Uma vez vi um carro rodando por Porto Alegre com um adesivo no vidro de trás que dizia o seguinte: “Eu amo a minha sogra”. Colaria esse adesivo com entusiasmo no meu carro, se carro tivesse. Porque sinto apreço especial por minha sogra, a querida Ana Maria, que neste mês veio nos visitar, aqui em Boston. Ela é uma pessoa doce, afável, suave, como todas as pessoas deveriam ser para o mundo ser como deveria ser.
Exatamente para tentar agradar-lhe, levei-a, junto com minha mulher, a Marcinha, e meu filho, Bernardo, a um restaurante de que gosto muito, no Little Italy. Chama-se Trattoria Il Panino e serve um paccheri al ragu que você come aos soluços, de tão bom.
Pois lá estávamos nós, sorvendo um tinto denso, quando aquela loirinha entrou. Eu estava de frente para a porta, por isso a vi antes. Andava em cima de botas pretas de saltos altos, o que já demonstrava de onde vinha. Ou, pelo menos, de onde não vinha, porque americanas raiz, do interior de New England, não usam saltos altos. Ela deveria ser das áreas centrais de Boston, como a Back Bay ou a Beacon Hill, onde as vitrines reluzem e a vaidade freme.
A linguagem corporal não deixava dúvida: tratava-se do primeiro encontro.
Já estamos singrando o outono, as temperaturas baixam a cada dia, mas a pele da loirinha era dourada como trigo maduro, como se tivesse sido untada pelo sol da Califórnia ou, quem sabe, do Hawaii de Obama. Seu corpo era esguio feito o de uma gueparda. Seu cabelo, uma catadupa homogênea que desaguava suavemente nos ombros. Ela veio sorrindo um sorriso coruscante em direção à mesa ao lado da nossa. Fiquei olhando, enquanto o rapaz que a aguardava se erguia de um salto e a saudava com um beijo no rosto. Sentaram-se os dois na ponta de suas cadeiras e se inclinaram um em direção ao outro. A linguagem corporal não deixava dúvida: tratava-se do primeiro encontro.
Percebi que a Marcinha também observava o casal. Não havia como não observar. Eles estavam muito perto e chamavam a atenção. A loirinha fez uma pergunta tipicamente americana:
– Como foi o seu dia?
Ele sorriu e pediu uma garrafa de vinho.
A Marcinha, então, virou-se para mim e disse:
– Esse guri é mais bonito do que o Brad Pitt.
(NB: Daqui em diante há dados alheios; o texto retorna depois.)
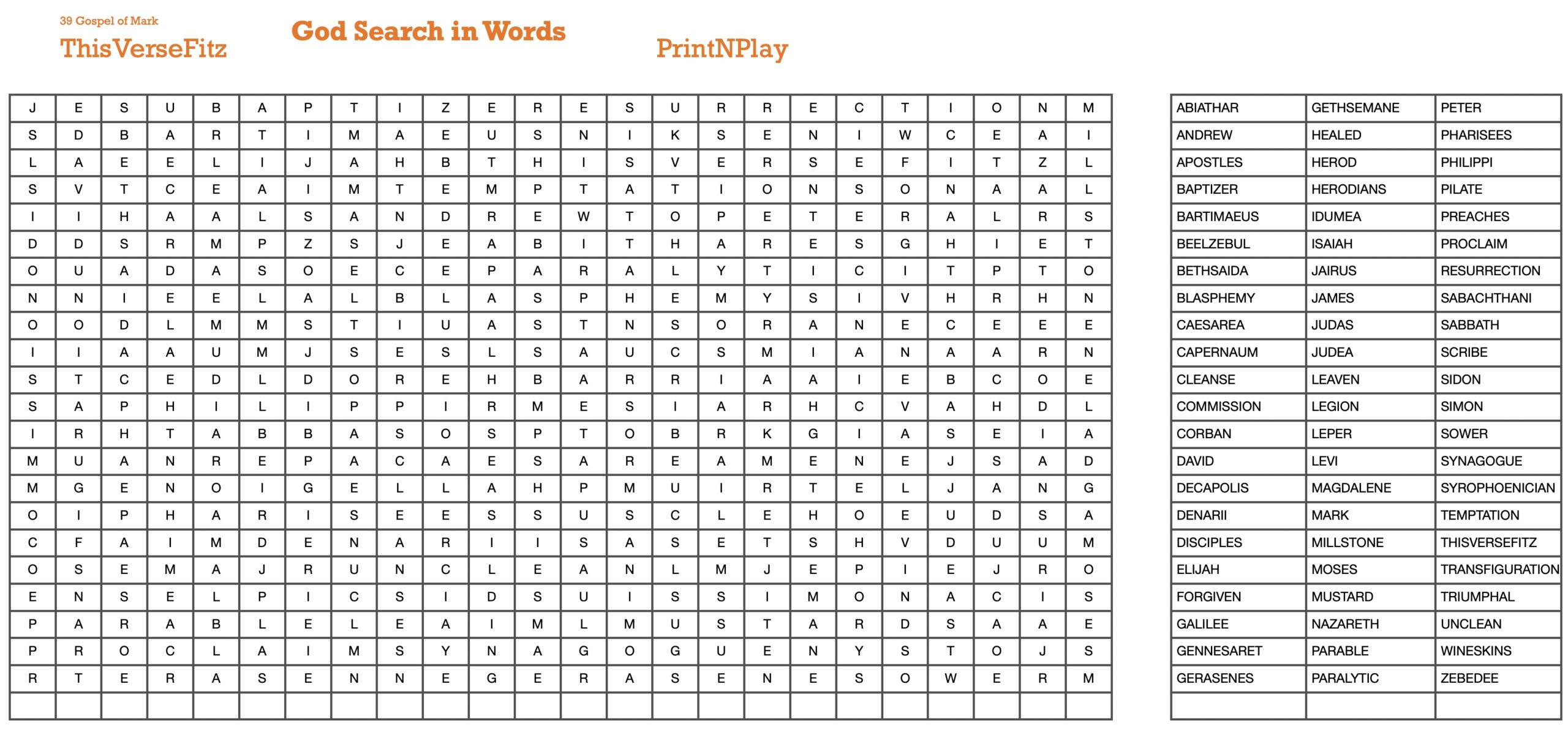 “God Search in Words” works exactly as a normal “Word Search” with a somewhat higher level of difficulty given the Biblical terms. Once all the words are found, the leftover letters repeat a phrase 5 times (meaning the phrase is present 5 times and zero letters of the phrase are left over). We call this the “AfterPuzzle”.

Espantei-me com a súbita e positiva avaliação. Nem tinha reparado no rapaz, para falar a verdade. É agradável olhar para pessoas atraentes, como é agradável admirar uma tela impressionista de Renoir, os arco-íris das Cataratas do Iguaçu ou um grande leão que caça na savana da África. A beleza faz bem para o espírito. Não acho, portanto, que considerar uma pessoa atraente significa se sentir atraído por ela. Além disso, não sou ciumento. Mas a Marcinha não parava de repetir:
– Nossa, mas ele é bonito mesmo. Muito bonito. Bonito, bonito.
Estiquei o pescoço e olhei para o cara. Ele estava de lado. Assim, de perfil, não parecia tããão bonito. Não era, definitivamente, um perfil grego ou coisa que o valha. Mas ela continuava:
– Bem bonito…
Protestei, meio de brincadeira:
– Precisa manifestar tanto entusiasmo?
Ela riu. Parou de elogiar o sujeito, mas não de prestar atenção ao casal. Ia narrando a evolução dos acontecimentos na mesa ao lado:
– Agora eles estão falando da faculdade. Agora ele disse que não é daqui. Deve ser do Meio-Oeste. Tem todo o jeito de ser do Meio-Oeste.
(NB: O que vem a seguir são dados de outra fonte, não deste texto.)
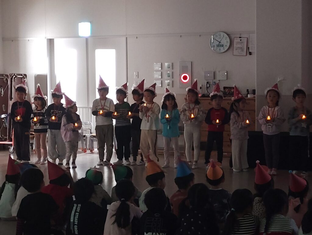 ろうそくの灯りの中、♪きよしこのよる♪を歌い、温かな雰囲気で始まりました。

Então, meu filho, que estava sentado diante de mim, quis saber:
– Do que é que a mamãe está falando.
– Daquele cara ali – indiquei com a cabeça.
E o meu filho:
– Ele é bonito?
Ao que a minha sogra, que até aquele momento parecia distraída, acrescentou, com vibrante empolgação na voz:
– Nossa, se é!
Depois daquilo, levantei o braço. Pedi a conta. Ouvir a mulher elogiando outro, tudo bem. Mas ver todo aquele arrebatamento da sogra, bem, aí foi demais.